Monday, June 28, 2010

Review: Angel Beats!

Anime, completed series, 13 episodes

Rarely do I find anything on TV that can make me laugh with legitimate humor, engross me with a unique visual style, and make me cry on 3 separate occasions. Angel Beats! (Angel Boats after this point, since boats sounds better) is a masterwork than incorporates several different genres without overwhelming itself.

Otanashi awakes one night outside a large school with no memory of who he is or how he got there, watching as a schoolgirl aims a sniper rifle at a strange white haired girl, some ways away. When the sniper, Yuri, tries to recruit him into an "afterlife battlefront," he decides that he may have better luck reasoning with someone who doesn't aim guns at other girls. He tries to talk with the silent and robotic white haired girl, or "Angel" as Yuri calls her. She tells him that this is the afterlife, and when he asks for proof, she promptly stabs him through the heart. Otonashi wakes up the next day, entirely fine, but his shirt still ripped and bloody. He once again meets Yuri, along with a big cast of characters who can't agree on a name other than the "afterlife battlefront" to call their group.

The plot follows Otonashi and the other members of the battlefront, who are waging war in a world where wounds and death are cured the next day, against the mysterious Angel. While things seem serious at first, Yuri explains that by following the rules (attending class, etc) will make you disappear forever, probably to be reincarnated as a barnacle. Therefore, the battlefront basically causes chaos as best they can in a world filled with unresponsive dummy classmates to simulate a real school. While this seems like a trivial plot, what really makes the series shine is the excellent writing and execution of characters and animation.

While most of the battlefront is easily forgettable (except for the most important characters and TK, a hip dancing guy who spouts engrish like a DDR machine) they all play a part in making the world seem alive. Someone is always moving in a group shot, and while this may seem like an obvious choice, it is a breath of fresh air to anyone used to limited animation. The production values are high and well utilized, evidenced especially in the first episode where a concert is expertly rendered with beautiful flowing animation and colors. Dramatic parts are emphasized by intense lighting usually only seen in feature length films. The quality never goes down either, making every episode as visually pleasing as the last.

As the plot unfolds it deftly intertwines comedy, tragedy, and action.

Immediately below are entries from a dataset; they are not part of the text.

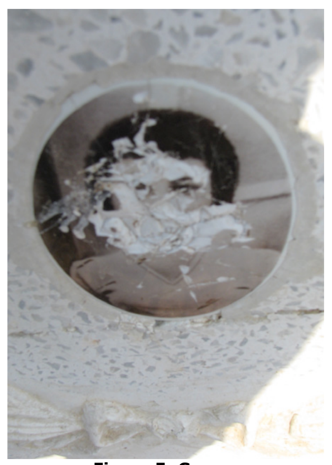
Figure 5: Graves
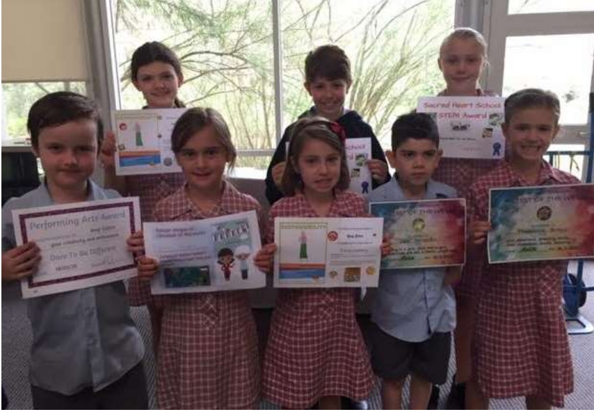
Week 4 Students of the Week
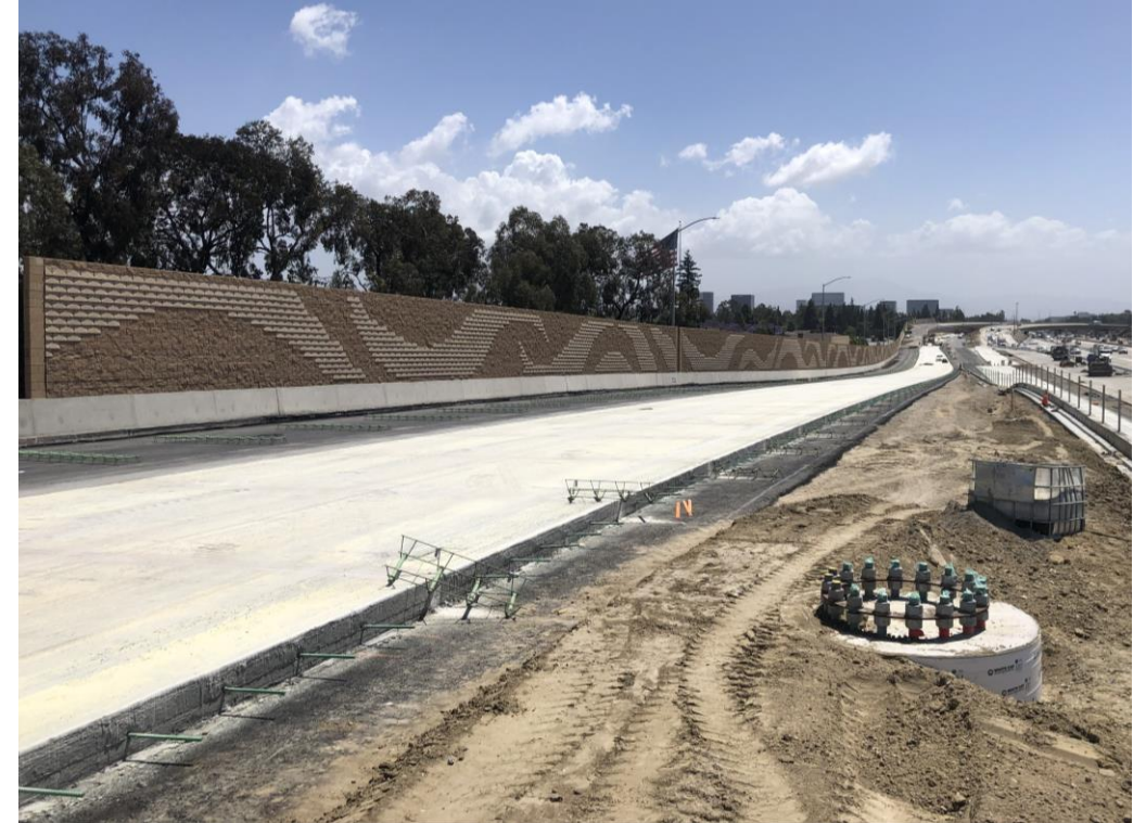
Fairview Road bridge and ramp construction
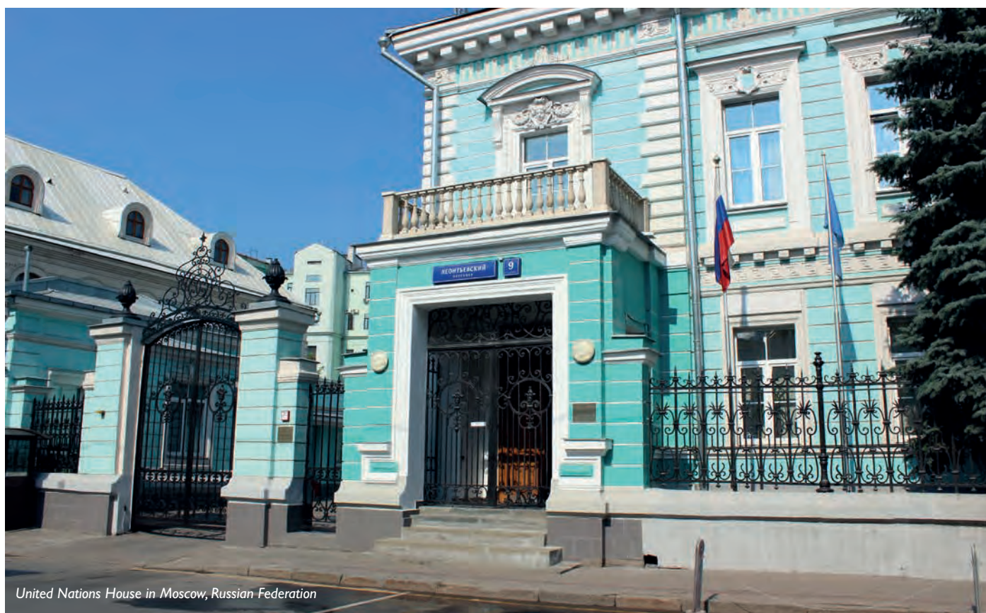
United Nations House in Moscow, Russian Federation
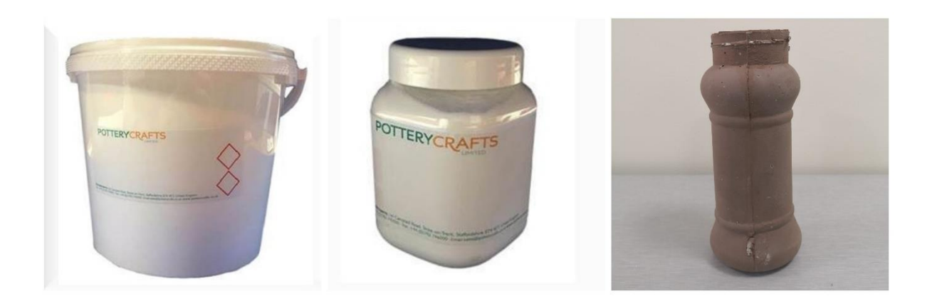
Figure 3: Second test with deflocculants, including (A) sodium silicate, (B) soda ash, and (C) the extracted casted piece (SQU-Ceramics Lab).
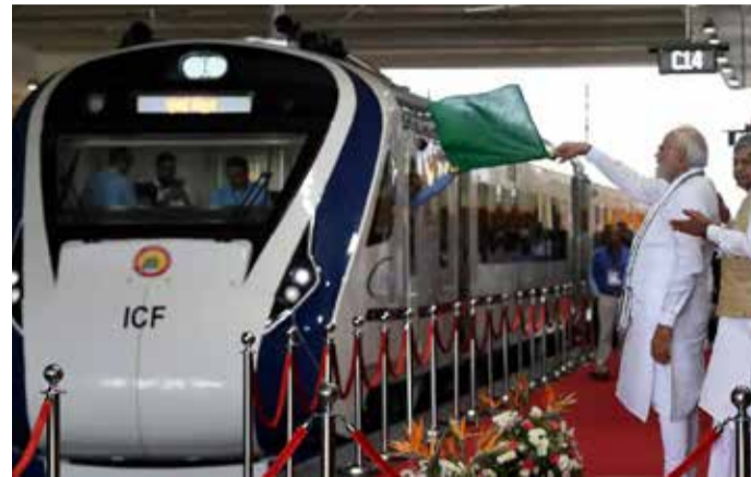
Narendra Modi flags off new Vande Bharat Express

Prime Minister Narendra Modi yesterday launched a third Indian-made high speed train in his home state of Gujarat, as a part of plans to modernise the country's rail network. New Delhi plans to launch 75 of the Vande Bharat Express trains by August 2023 to connect all major industrial and business cities. The trains have a top speed of 160 kilometres per hour (99 miles per hour).

We start to learn of the horrific circumstances under which each character died before arriving in the afterlife; each is fantastically hear-wrenching without ever going overboard or seeming to try too hard. The writing is keenly aware of itself and strikes a perfect balance of emotion and realism. Characters who at first seemed important but turned bland were written as growing more emotionally distant from Otonashi, just as the audience grows more distant to them. Angel Boats flawlessly guides your thoughts and feelings just the way it wants you to, making you think that it's just you that started disliking this character and liking that one when it is really a carefully crafted plan to get you to feel that way. It not only does this in its tragic and dramatic moments, but in the comedy where it creates such a good dynamic between characters that you can't help but like everyone Otonashi likes.

Angel Boats is not without flaws. I have trouble recommending it to someone who doesn't watch anime because at first glance it seems to be so terribly steeped in anime cliche. The drawings are the only thing that slips into this style, however, as everything else takes a delightfully original direction. Yuri is a direct rip-off of Haruhi Suzumiya (titular character from a far less creative and original show) but even then the writers seem aware of this and slowly downplay her role. The soundtrack is woefully lacking, but the music it does have is decent in it's own respect.

Overall, I have no choice but to recommend Angel Beats! to every man woman and child that I meet. The writing is crisp, the atmosphere is masterfully manipulated, and the animation doesn't skimp. Best of all at 13 episodes it doesn't overstay its welcome and leaves you both satisfied and craving more. I urge you to look past the style it is drawn in and try watching it. It takes everything bad you've heard about anime, puts it in a sleeper hold, and blazes a trail.

New favorite series.
5/5 stars

(No really, episode 4, 7:00 in. Watch as it literally takes everything terrible about Japan and chokes it.)